:: Dataset entries ::
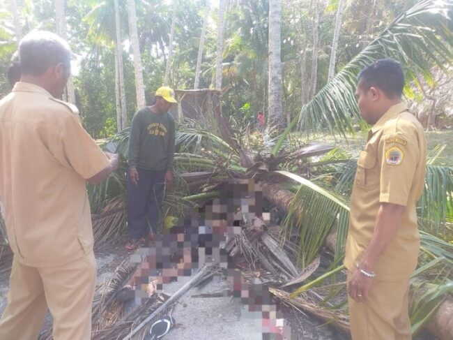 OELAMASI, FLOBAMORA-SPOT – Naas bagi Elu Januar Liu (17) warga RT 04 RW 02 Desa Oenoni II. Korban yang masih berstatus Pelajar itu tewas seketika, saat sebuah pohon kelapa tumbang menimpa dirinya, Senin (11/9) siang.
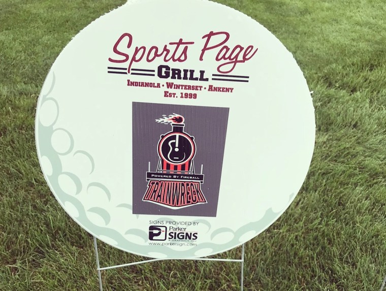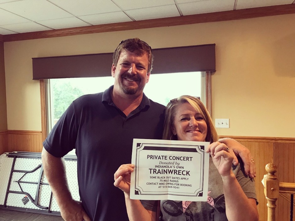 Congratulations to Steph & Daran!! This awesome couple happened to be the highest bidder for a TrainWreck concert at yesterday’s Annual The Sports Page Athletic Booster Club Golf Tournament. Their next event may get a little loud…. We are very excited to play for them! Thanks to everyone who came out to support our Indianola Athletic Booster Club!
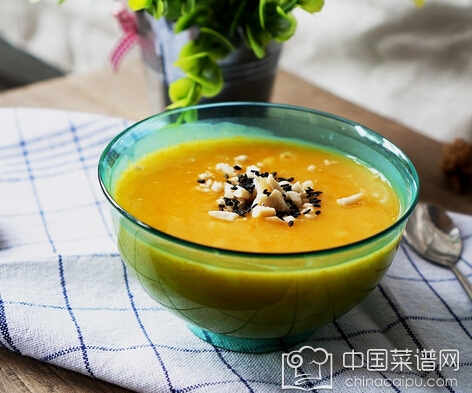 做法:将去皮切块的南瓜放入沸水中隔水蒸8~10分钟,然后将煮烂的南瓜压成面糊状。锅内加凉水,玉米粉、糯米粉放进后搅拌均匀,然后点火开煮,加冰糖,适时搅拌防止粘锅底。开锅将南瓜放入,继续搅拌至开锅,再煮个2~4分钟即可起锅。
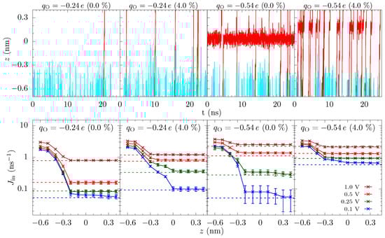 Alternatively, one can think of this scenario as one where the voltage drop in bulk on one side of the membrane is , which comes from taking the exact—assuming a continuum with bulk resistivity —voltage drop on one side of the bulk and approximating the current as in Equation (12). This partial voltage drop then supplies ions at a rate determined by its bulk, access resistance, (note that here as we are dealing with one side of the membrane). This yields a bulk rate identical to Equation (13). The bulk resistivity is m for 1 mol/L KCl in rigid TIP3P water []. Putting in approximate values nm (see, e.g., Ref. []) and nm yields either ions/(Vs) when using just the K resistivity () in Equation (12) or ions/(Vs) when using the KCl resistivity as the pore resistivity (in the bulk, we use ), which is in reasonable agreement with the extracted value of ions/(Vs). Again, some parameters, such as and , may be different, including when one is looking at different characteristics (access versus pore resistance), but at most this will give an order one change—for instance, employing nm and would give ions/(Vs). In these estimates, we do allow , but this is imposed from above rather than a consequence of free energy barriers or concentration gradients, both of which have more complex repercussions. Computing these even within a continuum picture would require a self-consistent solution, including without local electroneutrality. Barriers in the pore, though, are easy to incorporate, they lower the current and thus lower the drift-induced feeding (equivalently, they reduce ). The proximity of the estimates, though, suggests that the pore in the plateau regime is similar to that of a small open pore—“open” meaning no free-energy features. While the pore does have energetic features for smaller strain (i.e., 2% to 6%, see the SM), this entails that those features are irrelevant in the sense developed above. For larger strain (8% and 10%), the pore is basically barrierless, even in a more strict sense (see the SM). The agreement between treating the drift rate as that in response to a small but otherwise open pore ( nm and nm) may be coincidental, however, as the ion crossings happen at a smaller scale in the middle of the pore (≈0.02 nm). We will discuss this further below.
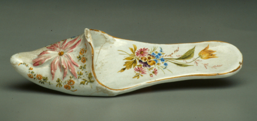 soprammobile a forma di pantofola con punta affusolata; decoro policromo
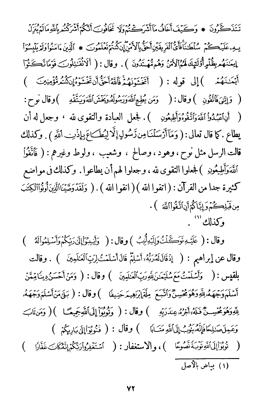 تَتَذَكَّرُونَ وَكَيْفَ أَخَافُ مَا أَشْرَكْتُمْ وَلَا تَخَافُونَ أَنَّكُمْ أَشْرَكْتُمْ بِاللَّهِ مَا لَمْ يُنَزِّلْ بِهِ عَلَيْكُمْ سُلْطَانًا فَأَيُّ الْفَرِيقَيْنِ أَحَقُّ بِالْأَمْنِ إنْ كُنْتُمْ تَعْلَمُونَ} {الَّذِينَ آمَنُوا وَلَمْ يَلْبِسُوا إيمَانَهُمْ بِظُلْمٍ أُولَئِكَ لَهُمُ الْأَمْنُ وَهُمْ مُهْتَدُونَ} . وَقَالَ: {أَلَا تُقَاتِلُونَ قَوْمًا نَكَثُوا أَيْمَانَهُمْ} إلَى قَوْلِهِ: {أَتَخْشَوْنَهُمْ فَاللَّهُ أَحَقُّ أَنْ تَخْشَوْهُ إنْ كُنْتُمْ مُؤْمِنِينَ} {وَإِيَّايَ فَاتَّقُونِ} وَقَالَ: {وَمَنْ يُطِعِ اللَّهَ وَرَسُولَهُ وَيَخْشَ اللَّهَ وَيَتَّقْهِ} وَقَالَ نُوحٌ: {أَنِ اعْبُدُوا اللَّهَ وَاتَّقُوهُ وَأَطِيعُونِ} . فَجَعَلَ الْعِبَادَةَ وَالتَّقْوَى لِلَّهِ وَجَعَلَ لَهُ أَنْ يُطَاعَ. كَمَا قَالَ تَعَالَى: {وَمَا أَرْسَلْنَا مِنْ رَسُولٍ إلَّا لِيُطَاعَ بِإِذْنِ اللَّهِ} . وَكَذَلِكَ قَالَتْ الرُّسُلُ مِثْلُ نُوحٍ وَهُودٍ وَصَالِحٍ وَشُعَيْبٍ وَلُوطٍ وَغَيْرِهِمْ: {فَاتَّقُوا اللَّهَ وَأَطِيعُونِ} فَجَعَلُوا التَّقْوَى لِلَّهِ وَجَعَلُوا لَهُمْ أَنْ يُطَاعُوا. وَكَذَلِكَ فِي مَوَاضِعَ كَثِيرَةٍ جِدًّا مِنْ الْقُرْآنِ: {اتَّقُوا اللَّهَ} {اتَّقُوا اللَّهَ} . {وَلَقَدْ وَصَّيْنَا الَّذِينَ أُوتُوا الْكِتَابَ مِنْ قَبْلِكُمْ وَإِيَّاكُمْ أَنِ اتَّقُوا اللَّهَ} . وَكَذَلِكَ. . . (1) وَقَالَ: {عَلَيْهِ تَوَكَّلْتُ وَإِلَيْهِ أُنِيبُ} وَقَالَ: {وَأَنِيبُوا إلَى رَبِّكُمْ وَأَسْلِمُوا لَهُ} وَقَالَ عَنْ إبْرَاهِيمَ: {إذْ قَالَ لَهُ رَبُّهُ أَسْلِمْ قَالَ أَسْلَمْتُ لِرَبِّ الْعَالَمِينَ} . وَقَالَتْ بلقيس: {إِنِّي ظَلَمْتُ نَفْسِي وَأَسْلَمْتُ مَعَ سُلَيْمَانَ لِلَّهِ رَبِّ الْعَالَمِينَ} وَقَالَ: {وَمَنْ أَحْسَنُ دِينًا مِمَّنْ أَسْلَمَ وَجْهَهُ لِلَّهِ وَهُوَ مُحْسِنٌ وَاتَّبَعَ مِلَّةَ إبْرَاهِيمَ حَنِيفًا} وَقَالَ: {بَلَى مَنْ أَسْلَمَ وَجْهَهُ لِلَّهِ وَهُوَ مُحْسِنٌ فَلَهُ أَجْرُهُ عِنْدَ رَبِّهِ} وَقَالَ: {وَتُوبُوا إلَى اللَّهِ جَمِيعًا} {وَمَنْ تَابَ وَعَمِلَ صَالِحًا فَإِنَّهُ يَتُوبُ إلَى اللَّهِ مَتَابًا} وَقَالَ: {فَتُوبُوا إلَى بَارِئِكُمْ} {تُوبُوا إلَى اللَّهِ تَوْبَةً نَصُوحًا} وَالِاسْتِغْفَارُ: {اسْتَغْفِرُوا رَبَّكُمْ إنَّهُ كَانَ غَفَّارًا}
:::
:: Dataset entries ::
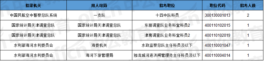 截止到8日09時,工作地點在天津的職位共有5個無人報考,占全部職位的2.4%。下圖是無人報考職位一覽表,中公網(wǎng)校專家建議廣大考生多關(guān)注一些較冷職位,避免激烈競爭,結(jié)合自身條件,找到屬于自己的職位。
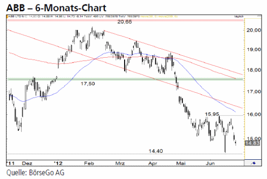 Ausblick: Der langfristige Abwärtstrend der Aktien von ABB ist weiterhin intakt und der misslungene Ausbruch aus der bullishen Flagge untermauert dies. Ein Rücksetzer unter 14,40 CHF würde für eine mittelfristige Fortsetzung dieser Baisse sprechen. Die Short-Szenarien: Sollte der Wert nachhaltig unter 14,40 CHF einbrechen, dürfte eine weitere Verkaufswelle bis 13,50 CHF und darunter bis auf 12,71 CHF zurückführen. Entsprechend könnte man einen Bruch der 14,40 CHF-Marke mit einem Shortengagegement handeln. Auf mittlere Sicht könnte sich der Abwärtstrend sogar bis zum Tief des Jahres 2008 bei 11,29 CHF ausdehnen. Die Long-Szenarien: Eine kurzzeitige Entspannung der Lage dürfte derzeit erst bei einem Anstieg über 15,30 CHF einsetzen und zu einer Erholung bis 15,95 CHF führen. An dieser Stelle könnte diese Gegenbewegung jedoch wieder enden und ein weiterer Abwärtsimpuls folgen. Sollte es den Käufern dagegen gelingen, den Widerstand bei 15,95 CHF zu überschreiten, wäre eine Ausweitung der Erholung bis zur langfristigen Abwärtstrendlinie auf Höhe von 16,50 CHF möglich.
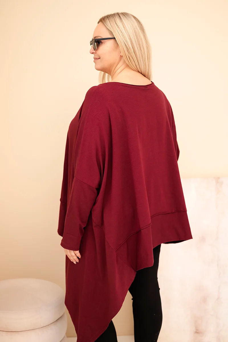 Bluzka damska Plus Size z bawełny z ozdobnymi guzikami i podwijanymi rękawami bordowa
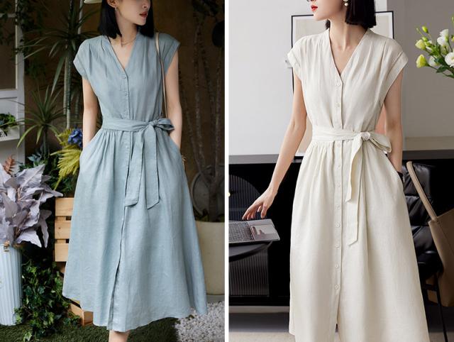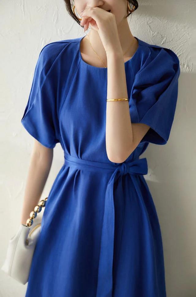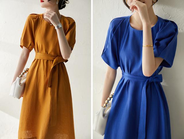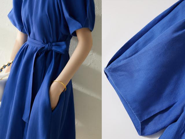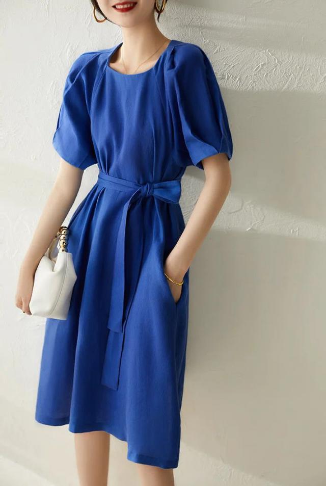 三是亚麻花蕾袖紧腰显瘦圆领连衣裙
:::
:: Dataset entries ::
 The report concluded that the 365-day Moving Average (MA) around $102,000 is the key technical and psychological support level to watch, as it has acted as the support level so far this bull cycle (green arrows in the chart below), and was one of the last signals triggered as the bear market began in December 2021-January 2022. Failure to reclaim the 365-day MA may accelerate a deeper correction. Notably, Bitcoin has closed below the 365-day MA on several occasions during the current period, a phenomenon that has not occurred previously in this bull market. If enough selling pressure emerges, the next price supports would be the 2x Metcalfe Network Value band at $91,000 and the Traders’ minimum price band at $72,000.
:::
* Assignment:
Copy everything above from the line holding "Congratulations to Steph" down to the line holding "做法:将去皮切块的南瓜放入沸", both ends included, exactly as it stands and without the pictures.

* Expected answer:
 Congratulations to Steph & Daran!! This awesome couple happened to be the highest bidder for a TrainWreck concert at yesterday’s Annual The Sports Page Athletic Booster Club Golf Tournament. Their next event may get a little loud…. We are very excited to play for them! Thanks to everyone who came out to support our Indianola Athletic Booster Club!
 做法:将去皮切块的南瓜放入沸水中隔水蒸8~10分钟,然后将煮烂的南瓜压成面糊状。锅内加凉水,玉米粉、糯米粉放进后搅拌均匀,然后点火开煮,加冰糖,适时搅拌防止粘锅底。开锅将南瓜放入,继续搅拌至开锅,再煮个2~4分钟即可起锅。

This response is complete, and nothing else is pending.